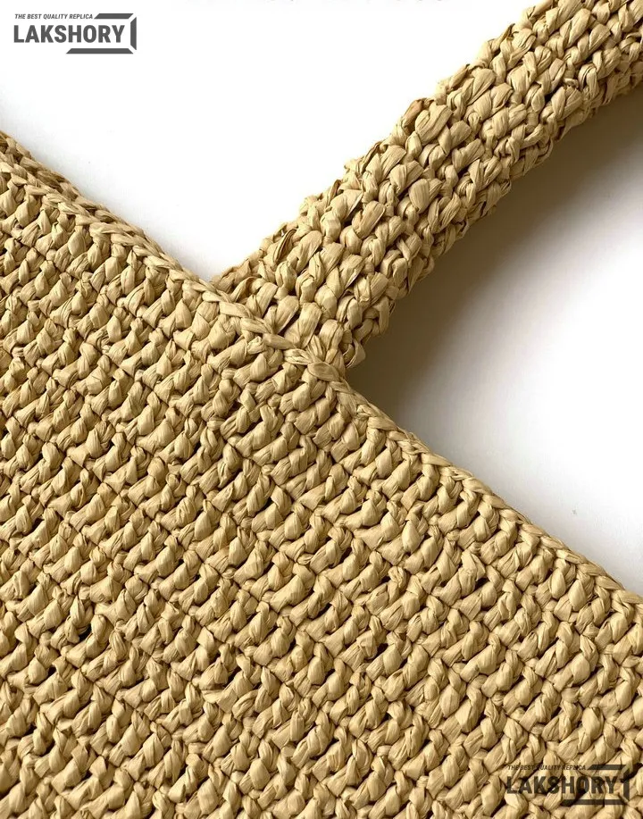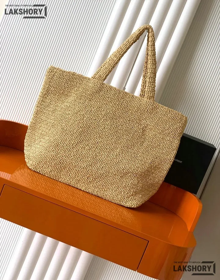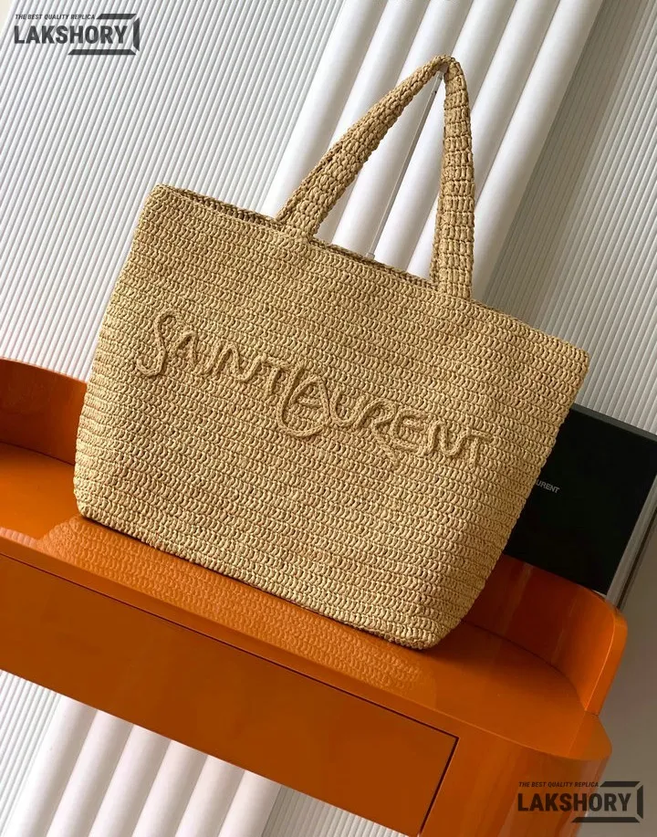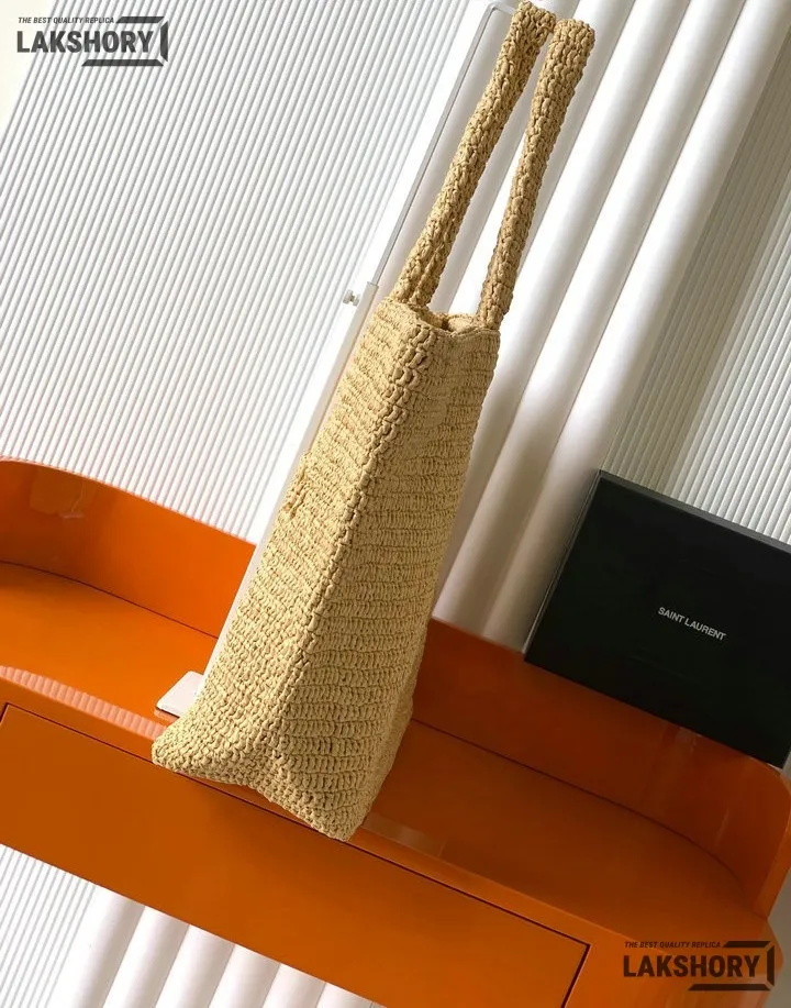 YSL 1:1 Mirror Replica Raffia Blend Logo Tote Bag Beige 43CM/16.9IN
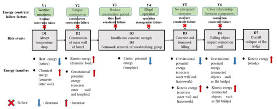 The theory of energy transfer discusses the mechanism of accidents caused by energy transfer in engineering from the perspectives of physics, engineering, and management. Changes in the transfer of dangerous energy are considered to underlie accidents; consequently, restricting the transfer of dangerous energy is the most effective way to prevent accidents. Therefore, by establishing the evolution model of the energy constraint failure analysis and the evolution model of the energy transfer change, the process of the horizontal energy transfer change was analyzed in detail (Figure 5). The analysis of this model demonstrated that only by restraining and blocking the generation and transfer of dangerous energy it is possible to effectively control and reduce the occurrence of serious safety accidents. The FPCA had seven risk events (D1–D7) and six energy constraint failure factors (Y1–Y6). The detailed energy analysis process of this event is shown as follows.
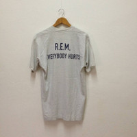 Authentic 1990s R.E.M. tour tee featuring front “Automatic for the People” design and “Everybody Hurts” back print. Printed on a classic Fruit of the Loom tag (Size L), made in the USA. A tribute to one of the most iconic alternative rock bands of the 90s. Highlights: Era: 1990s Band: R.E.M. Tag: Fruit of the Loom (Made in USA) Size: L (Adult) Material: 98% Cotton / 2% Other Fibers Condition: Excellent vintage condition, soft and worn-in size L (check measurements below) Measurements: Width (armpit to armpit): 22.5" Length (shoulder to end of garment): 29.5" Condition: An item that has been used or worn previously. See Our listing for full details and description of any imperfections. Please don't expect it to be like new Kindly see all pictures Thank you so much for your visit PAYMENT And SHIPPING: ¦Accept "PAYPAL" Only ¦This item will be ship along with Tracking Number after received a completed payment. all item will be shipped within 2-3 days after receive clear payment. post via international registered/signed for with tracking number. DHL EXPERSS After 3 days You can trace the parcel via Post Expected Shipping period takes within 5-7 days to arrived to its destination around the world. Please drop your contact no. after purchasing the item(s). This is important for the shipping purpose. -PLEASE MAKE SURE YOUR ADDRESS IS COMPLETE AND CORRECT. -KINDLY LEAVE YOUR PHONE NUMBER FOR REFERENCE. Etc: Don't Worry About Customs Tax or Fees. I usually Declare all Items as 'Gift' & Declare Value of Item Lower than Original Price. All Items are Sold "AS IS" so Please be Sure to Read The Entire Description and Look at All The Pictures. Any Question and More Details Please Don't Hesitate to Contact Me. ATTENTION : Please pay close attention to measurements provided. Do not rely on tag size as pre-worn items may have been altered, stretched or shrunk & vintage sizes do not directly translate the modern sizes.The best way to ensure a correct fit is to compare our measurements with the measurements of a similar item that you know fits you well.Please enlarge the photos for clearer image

- **What to work on**
Omit the pictures, then give all the lines above again exactly.

- **Exercise solution**
 YSL 1:1 Mirror Replica Raffia Blend Logo Tote Bag Beige 43CM/16.9IN
 The theory of energy transfer discusses the mechanism of accidents caused by energy transfer in engineering from the perspectives of physics, engineering, and management. Changes in the transfer of dangerous energy are considered to underlie accidents; consequently, restricting the transfer of dangerous energy is the most effective way to prevent accidents. Therefore, by establishing the evolution model of the energy constraint failure analysis and the evolution model of the energy transfer change, the process of the horizontal energy transfer change was analyzed in detail (Figure 5). The analysis of this model demonstrated that only by restraining and blocking the generation and transfer of dangerous energy it is possible to effectively control and reduce the occurrence of serious safety accidents. The FPCA had seven risk events (D1–D7) and six energy constraint failure factors (Y1–Y6). The detailed energy analysis process of this event is shown as follows.
 Authentic 1990s R.E.M. tour tee featuring front “Automatic for the People” design and “Everybody Hurts” back print. Printed on a classic Fruit of the Loom tag (Size L), made in the USA. A tribute to one of the most iconic alternative rock bands of the 90s. Highlights: Era: 1990s Band: R.E.M. Tag: Fruit of the Loom (Made in USA) Size: L (Adult) Material: 98% Cotton / 2% Other Fibers Condition: Excellent vintage condition, soft and worn-in size L (check measurements below) Measurements: Width (armpit to armpit): 22.5" Length (shoulder to end of garment): 29.5" Condition: An item that has been used or worn previously. See Our listing for full details and description of any imperfections. Please don't expect it to be like new Kindly see all pictures Thank you so much for your visit PAYMENT And SHIPPING: ¦Accept "PAYPAL" Only ¦This item will be ship along with Tracking Number after received a completed payment. all item will be shipped within 2-3 days after receive clear payment. post via international registered/signed for with tracking number. DHL EXPERSS After 3 days You can trace the parcel via Post Expected Shipping period takes within 5-7 days to arrived to its destination around the world. Please drop your contact no. after purchasing the item(s). This is important for the shipping purpose. -PLEASE MAKE SURE YOUR ADDRESS IS COMPLETE AND CORRECT. -KINDLY LEAVE YOUR PHONE NUMBER FOR REFERENCE. Etc: Don't Worry About Customs Tax or Fees. I usually Declare all Items as 'Gift' & Declare Value of Item Lower than Original Price. All Items are Sold "AS IS" so Please be Sure to Read The Entire Description and Look at All The Pictures. Any Question and More Details Please Don't Hesitate to Contact Me. ATTENTION : Please pay close attention to measurements provided. Do not rely on tag size as pre-worn items may have been altered, stretched or shrunk & vintage sizes do not directly translate the modern sizes.The best way to ensure a correct fit is to compare our measurements with the measurements of a similar item that you know fits you well.Please enlarge the photos for clearer image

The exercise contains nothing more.